The issue of developing a robust pipeline of female leadership talent is a critical opportunity for many organizations and many industry sectors. “The most important thing leaders can ask is what their female talent needs and who’s going to be accountable to make sure they get it,” says Peggy Hazard, a Korn Ferry associate client partner who specializes in leadership development. “Where the pipeline leaks is usually in the follow up to those sorts of things.”
For years, corporate boards have vowed to bring more women into the executive talent pool, of course, yet building the right environment and identifying top female leadership candidates early in their careers remains elusive. Implementing process checks and educating leaders to recognize unconscious bias during hiring, promoting, succession planning and the like can help neutralize inequities and keep high potential female talent from being filtered out.

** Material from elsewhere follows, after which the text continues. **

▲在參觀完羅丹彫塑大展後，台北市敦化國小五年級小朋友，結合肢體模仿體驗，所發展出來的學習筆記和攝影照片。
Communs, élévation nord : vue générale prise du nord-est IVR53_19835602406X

Another way organizations can build out their female leadership pipeline is by simply telling them that top positions are legitimate career goals. According to data from the “Women CEOs Speak” study Korn Ferry conducted in conjunction with The Rockefeller Foundation, 65% of the female CEOs surveyed said they only realized they could become a CEO after someone told them so. That statistic underscores the importance of sponsors—who, unlike mentors, don’t simply act as counselors but use their influence to promote promising executives—to advancing women. “Sponsors are the people in the room with the power to move you forward,” says Jane Stevenson, Korn Ferry’s global leader for CEO Succession and vice chairman of Board and CEO Services. “It’s not who you know or what you know, it’s who knows what you know.”

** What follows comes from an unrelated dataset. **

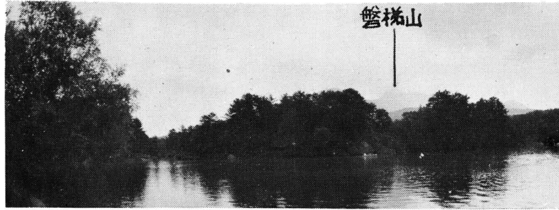
図-101 五色沼の中の毘沙門沼

It’s also what makes Nooyi’s commitment to preparing more women for CEO and corporate board positions so vitally important. Her departure from PepsiCo drops the number of female CEOs in the Fortune 500 to 24, data from research firm Catalyst shows. This year alone, the CEOs of Campbell Soup Co., Mattel, Mondelez International, and Staples—all women—stepped down. At the board level, only 10% of lead independent directors and 4% of board chairs are women.
Once identified, however, organizations must prepare women for leadership roles by getting them the critical experience they need to fill gaps and gain necessary skills—for example, promoting high-potential women into roles with profit-and-loss responsibility, which is typically critical to becoming a CEO. “Organizations need to recognize what are the pivotal roles, key assignments, rotations, and connections that need to happen to prepare women to drive the business forward,” says Evelyn Orr, vice president and COO of the Korn Ferry Institute.